__Exercise details__:
Transcribe all the lines below exactly. Omit the pictures.

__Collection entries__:
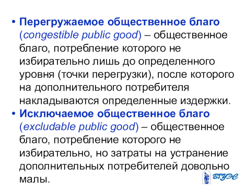 Слайд 47Перегружаемое общественное благо (congestible public good) – общественное благо, потребление которого
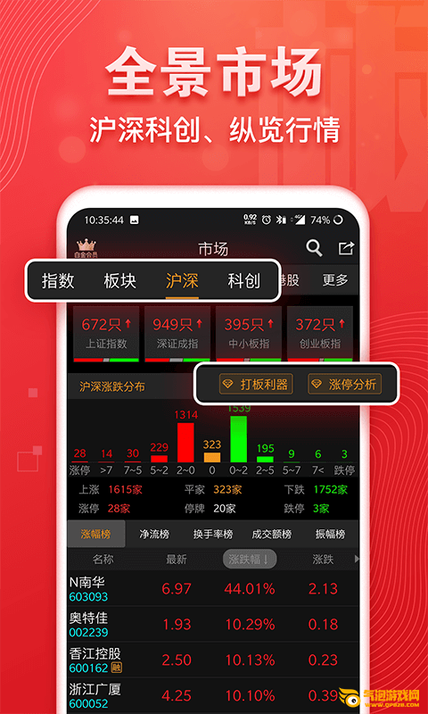 2.进入市场界面后,可以了解最新的市场、排名、板块、基金、股指等信息。
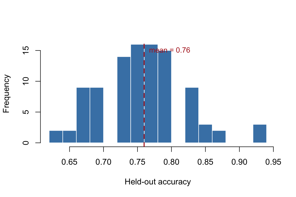 Distribution of held-out accuracy across 100 repeated holdout splits
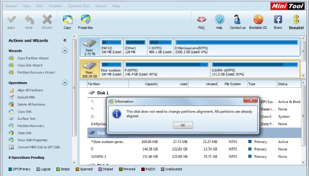 Blijkt de uitlijning niet zoals het hoort, dan kun je dat alsnog bijsturen, bijvoorbeeld met de gratis MiniTool Partition Wizard Home Edition. Installeer dit programma en start het op. Klik in het grafische overzicht je SSD-schijf aan en selecteer Align All Partitions in het linkerpaneel. De tool analyseert de partitie en deelt je mee wanneer die al in orde blijkt te zijn. Is dat niet het geval, dan verneem je welke partitie(s) alsnog moeten worden uitgelijnd. Klik dan linksboven op Apply. Dat vergt wel een (automatische) herstart van Windows.
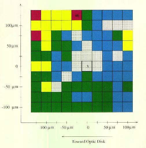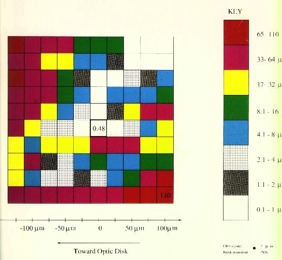 Methods. A retinal strip with attached pigment was isolated and superfused. A recording electrode was used to identify action potentials of individual axons; receptive field centers driving the axons were located in the peripheral retina. Monopolar electrodes were lowered onto the surface of the retina within the receptive field center, and the threshold needed to generate an action potential was determined using monophasic, cathodal stimulation for 20, 50, 100, 200, and 500ps, An X-Y-Z grid was made of the region surrounding the receptive field center for 13 retinal ganglion cells.
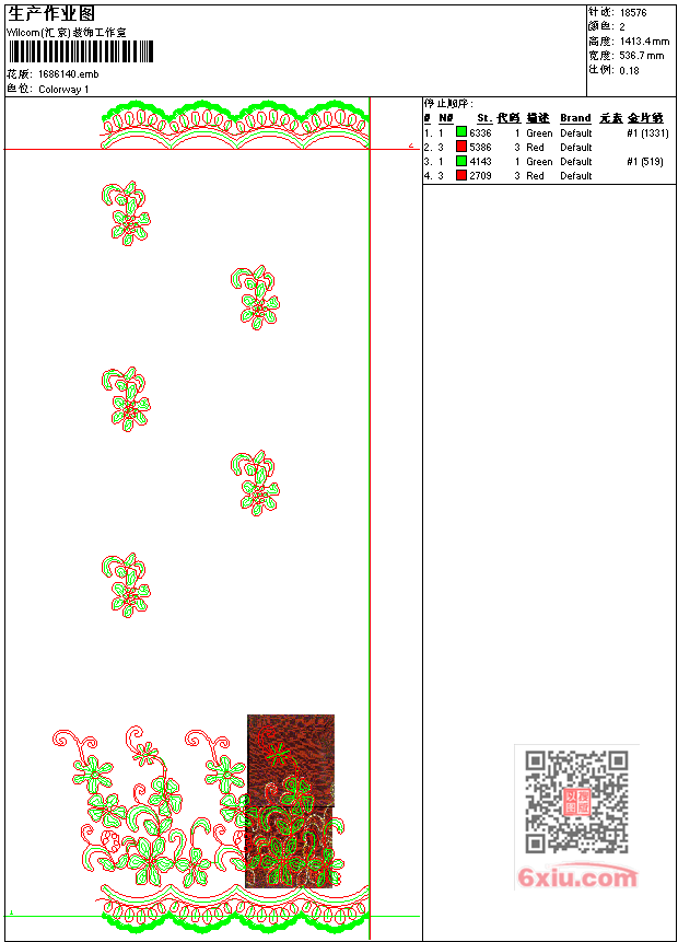 - emb花版参数: 大小:1.45 MB / 尺寸:537*1413[毫米] / 针数:18576针 / 线色:2 / 格式:emb / 版本:7
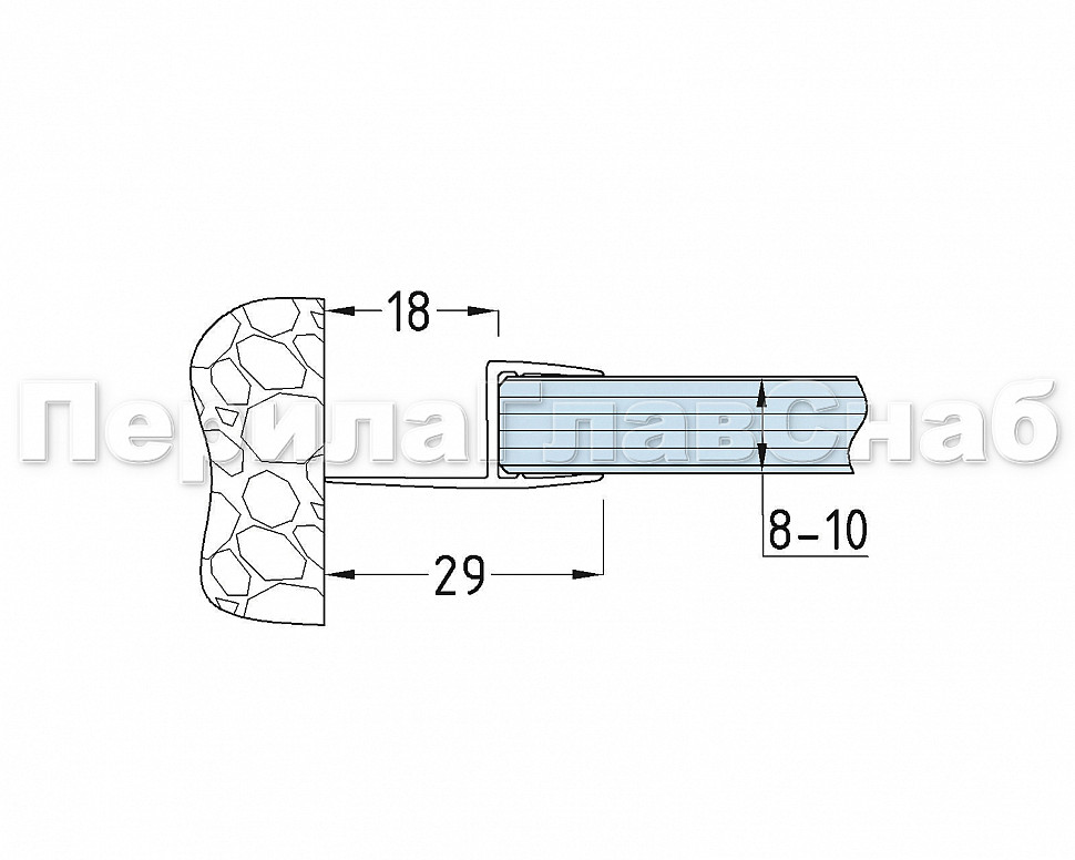Уплотнитель имеет исполнение прозрачной поверхности, выполнен из материала ПВХ. Имеет Ч-образный профиль. Толщина одного типоразмера составляет 1.5 мм, длина – 2200 мм. За счет своих свойств (стойкость к щелочам, минеральным маслам и многим кислотам) прекрасно подходит для крепления стеклянного листа по всему периметру. Позволяет соединять стеклянные панели между собой. Он применим в сочетании со стеклом толщиной до 8 мм и углом в плане до 1800
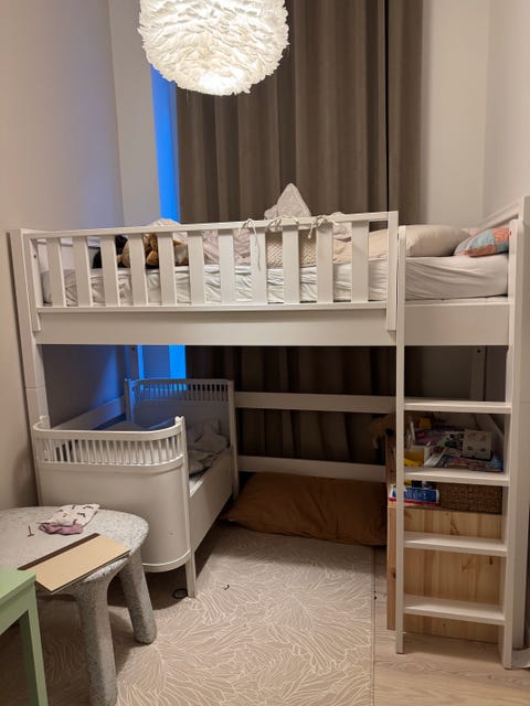 Højseng med sofa og skrivebord
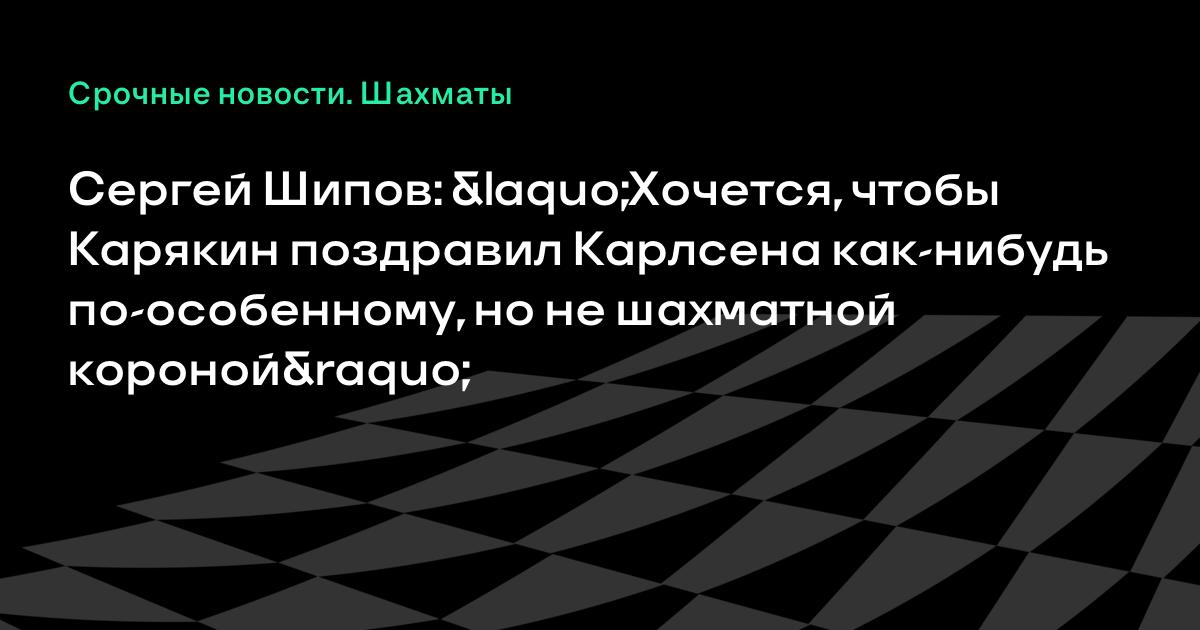 Сергей Шипов: «Хочется, чтобы Карякин поздравил Карлсена как-нибудь по-особенному, но не шахматной короной»
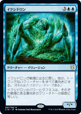 | Rules | As Ixidron enters the battlefield, turn all other nontoken creatures face down. (They're 2/2 creatures.) Ixidron's power and toughness are each equal to the number of face-down creatures on the battlefield. |

__Finished exercise__:
 Слайд 47Перегружаемое общественное благо (congestible public good) – общественное благо, потребление которого
 2.进入市场界面后,可以了解最新的市场、排名、板块、基金、股指等信息。
 Distribution of held-out accuracy across 100 repeated holdout splits
 Blijkt de uitlijning niet zoals het hoort, dan kun je dat alsnog bijsturen, bijvoorbeeld met de gratis MiniTool Partition Wizard Home Edition. Installeer dit programma en start het op. Klik in het grafische overzicht je SSD-schijf aan en selecteer Align All Partitions in het linkerpaneel. De tool analyseert de partitie en deelt je mee wanneer die al in orde blijkt te zijn. Is dat niet het geval, dan verneem je welke partitie(s) alsnog moeten worden uitgelijnd. Klik dan linksboven op Apply. Dat vergt wel een (automatische) herstart van Windows.
 Methods. A retinal strip with attached pigment was isolated and superfused. A recording electrode was used to identify action potentials of individual axons; receptive field centers driving the axons were located in the peripheral retina. Monopolar electrodes were lowered onto the surface of the retina within the receptive field center, and the threshold needed to generate an action potential was determined using monophasic, cathodal stimulation for 20, 50, 100, 200, and 500ps, An X-Y-Z grid was made of the region surrounding the receptive field center for 13 retinal ganglion cells.
 - emb花版参数: 大小:1.45 MB / 尺寸:537*1413[毫米] / 针数:18576针 / 线色:2 / 格式:emb / 版本:7
Уплотнитель имеет исполнение прозрачной поверхности, выполнен из материала ПВХ. Имеет Ч-образный профиль. Толщина одного типоразмера составляет 1.5 мм, длина – 2200 мм. За счет своих свойств (стойкость к щелочам, минеральным маслам и многим кислотам) прекрасно подходит для крепления стеклянного листа по всему периметру. Позволяет соединять стеклянные панели между собой. Он применим в сочетании со стеклом толщиной до 8 мм и углом в плане до 1800
 Højseng med sofa og skrivebord
 Сергей Шипов: «Хочется, чтобы Карякин поздравил Карлсена как-нибудь по-особенному, но не шахматной короной»
 | Rules | As Ixidron enters the battlefield, turn all other nontoken creatures face down. (They're 2/2 creatures.) Ixidron's power and toughness are each equal to the number of face-down creatures on the battlefield. |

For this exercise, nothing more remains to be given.